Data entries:
○ ○ ○

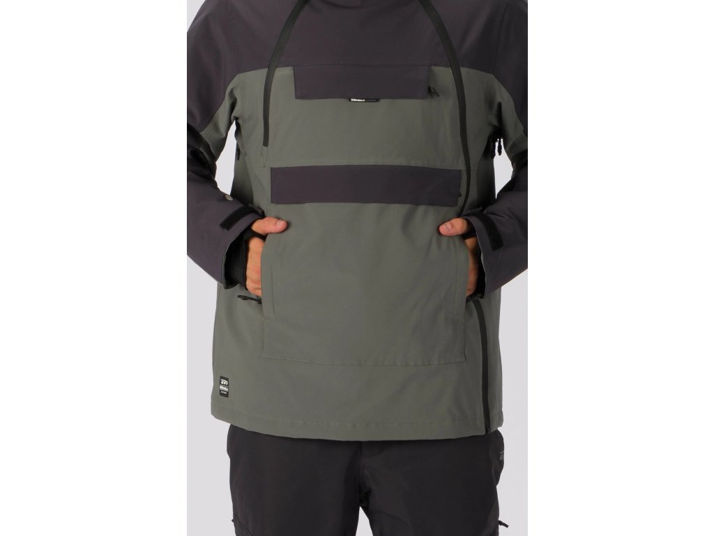 | Funkční prvky: | plně podlepené švy, voděodolné zipy, pevná kapuce, 1/2 zip postranní, celopropínací boční zip, náprsní kapsa na zip, klokaní kapsa s bočními zipy a vrchním zipem, ventilační otvory na zip v oblasti podpaží, elastické manžety s otvory na palce, regulovatelné rukávy suchými zipy, regulovatelný spodní lem na stažení, vnitřní sněhový pás, vnitřní kapsa na zip |
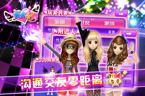 与传统的舞蹈类游戏不同,《天天炫舞》针对玩家交友互动下了不少功夫。游戏中的好友搜索功能拥有强大的实时AI,可以让玩家在享受舞蹈的同时亦能轻松找到附近同时在玩乃至对于服装、音乐等内容有相同品味的舞友。
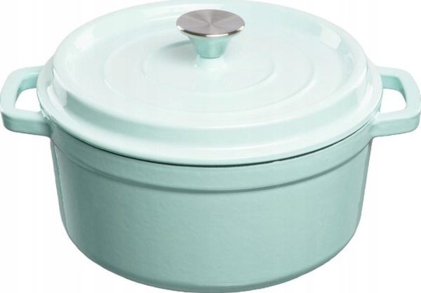 Cast Iron Pot Grand Feu, Minimalist Design "Casserole" With Lid, 4.7L, Turquoise Color.
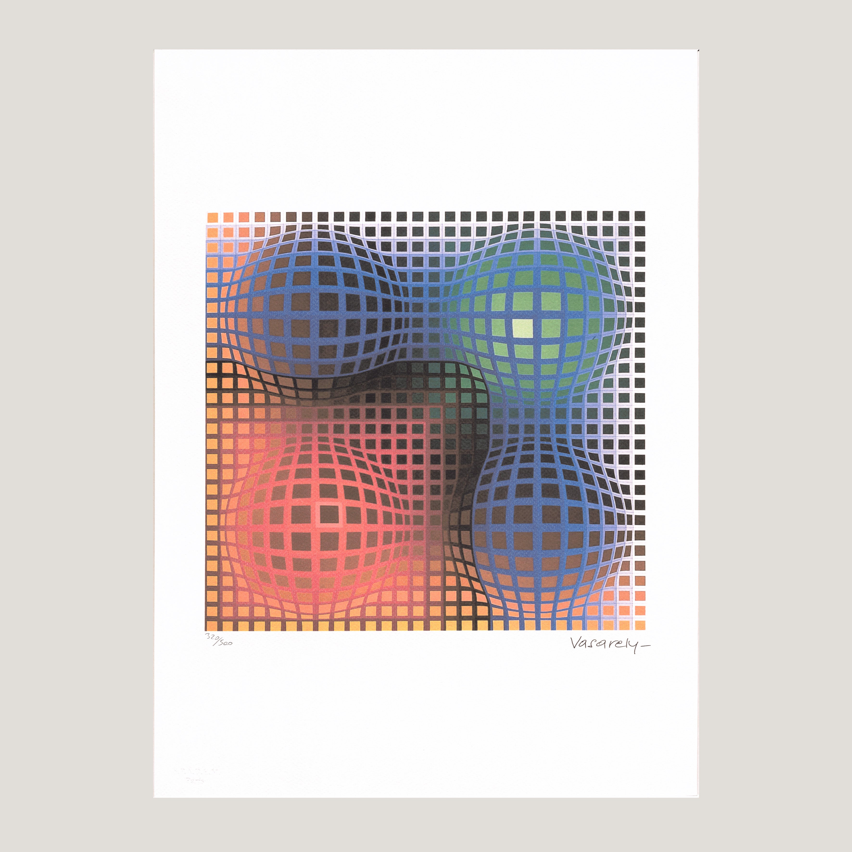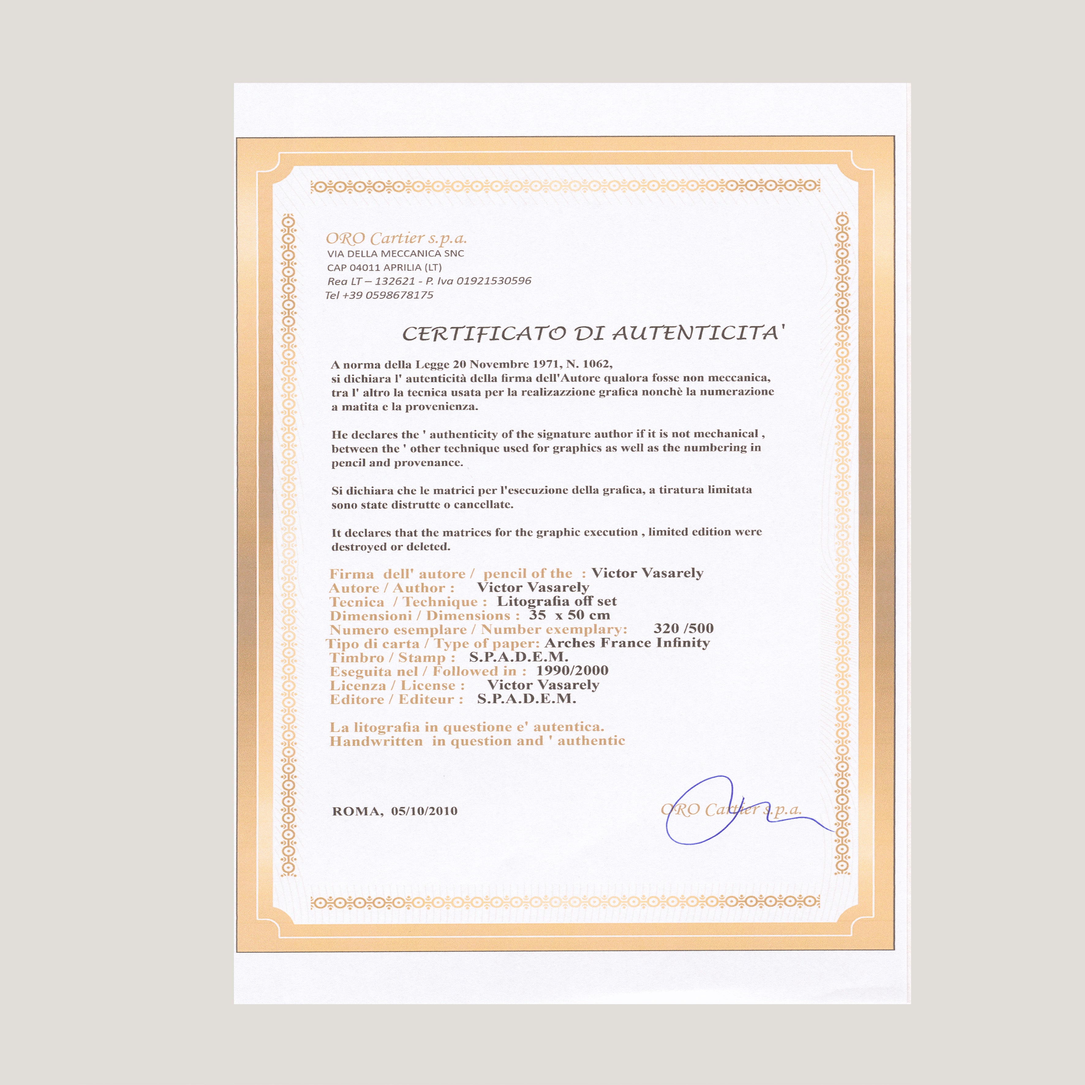 Grafický list 35x50 cm v limitovaném nákladu. Tisk č. 320/500. Slepotiskové razítko S.P.A.D.E.M. Volný list. Certifikát, ruční papír Arches France Infinity. Licence: Victor Vasarely Museum. Editor: S.P.A.D.E.M.
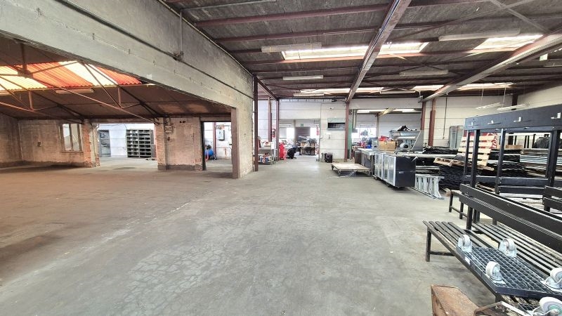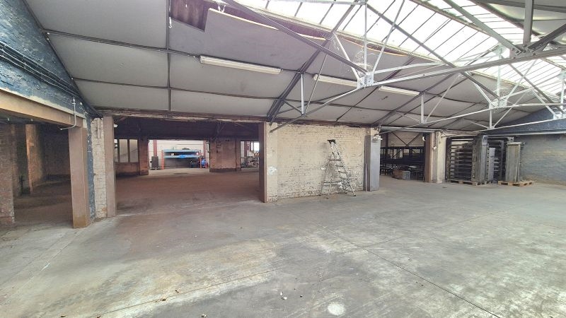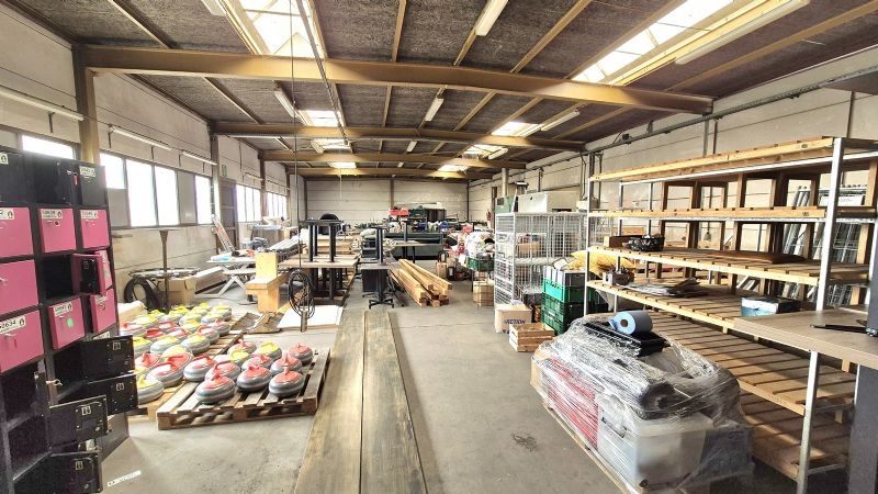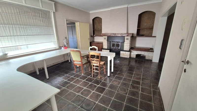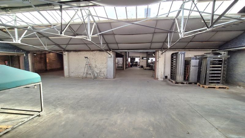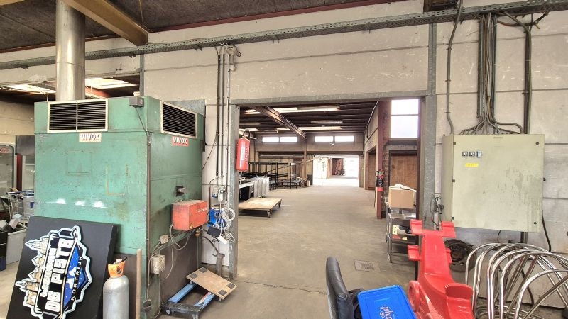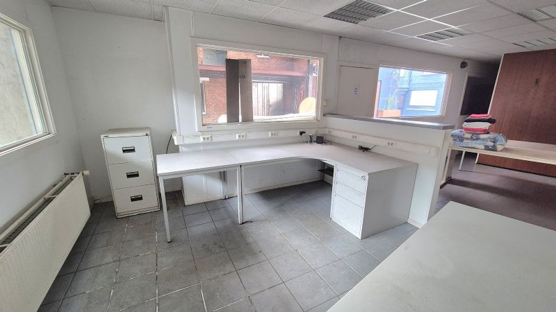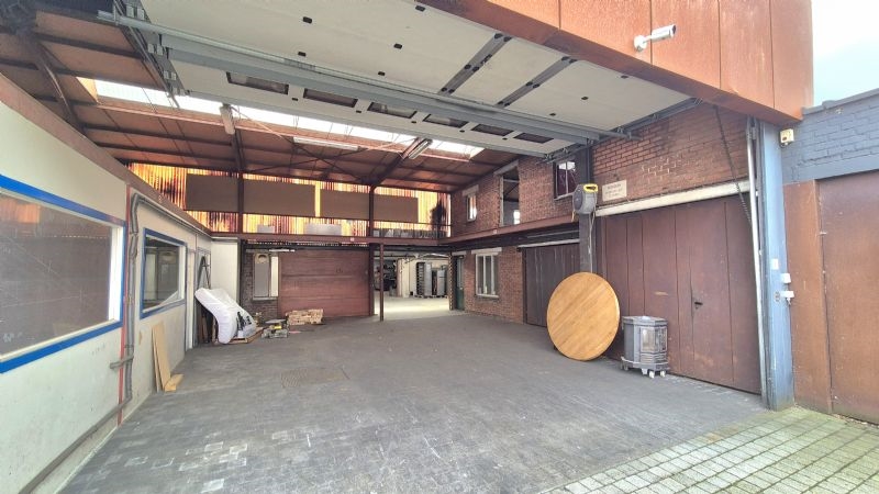 •Groot magazijn met bureel, sanitair, ontspanningsruimte en refter toegankelijk via naastliggende oprit met poort
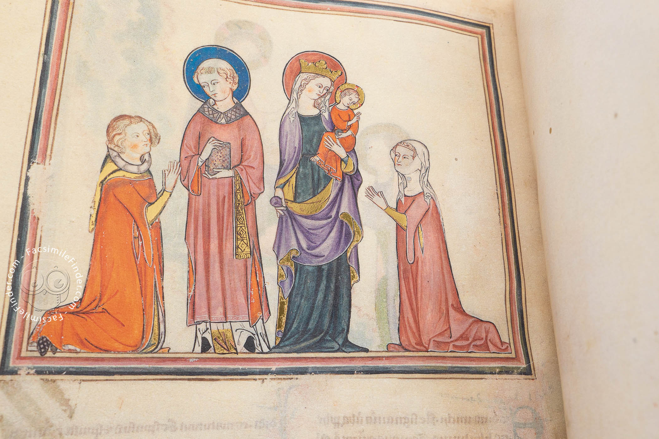 The last image in the manuscript shows a couple kneeling, the man praying to Saint Stephen and the lady to the Virgin Mary holding the infant Jesus, who makes the sign of blessing to the lady (fol. 38v). The couple was once identified by painted coats of arms, which have been effaced. Nevertheless, the lady has been identified as a member of the Montigny family.
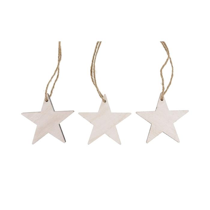 Ozdoba dřevěná hvězda bílo-přírodní 10cm
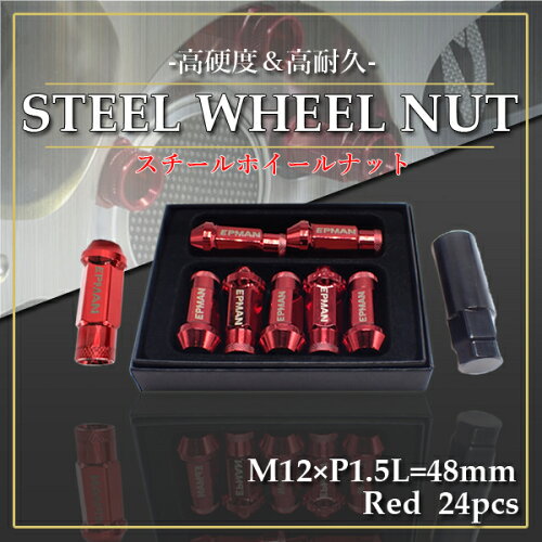 カラーはスポーティなレッド 【適合】 ■M12×P1.5 トヨタ ホンダ 三菱 マツダ ダイハツ (スバル、スズキ、日産の一部車種も適合可能) ※適合参考表ページ下部に掲載しております ■貫通スチールロングナット ■カラー:レッド ■セット内容:24個+ソケット付属 ■直径:22mm ■L=48mm ■17HEX ■座面テーパー角:60度 ※本商品はテーパー60°を採用したホイールナットです。

○ ○ ○

Task item :: Only the lines from the one that contains "oprit met poort" to the end of the records, inclusive, are to be quoted exactly, with pictures excluded.

Task answer ::
 •Groot magazijn met bureel, sanitair, ontspanningsruimte en refter toegankelijk via naastliggende oprit met poort
 The last image in the manuscript shows a couple kneeling, the man praying to Saint Stephen and the lady to the Virgin Mary holding the infant Jesus, who makes the sign of blessing to the lady (fol. 38v). The couple was once identified by painted coats of arms, which have been effaced. Nevertheless, the lady has been identified as a member of the Montigny family.
 Ozdoba dřevěná hvězda bílo-přírodní 10cm
 カラーはスポーティなレッド 【適合】 ■M12×P1.5 トヨタ ホンダ 三菱 マツダ ダイハツ (スバル、スズキ、日産の一部車種も適合可能) ※適合参考表ページ下部に掲載しております ■貫通スチールロングナット ■カラー:レッド ■セット内容:24個+ソケット付属 ■直径:22mm ■L=48mm ■17HEX ■座面テーパー角:60度 ※本商品はテーパー60°を採用したホイールナットです。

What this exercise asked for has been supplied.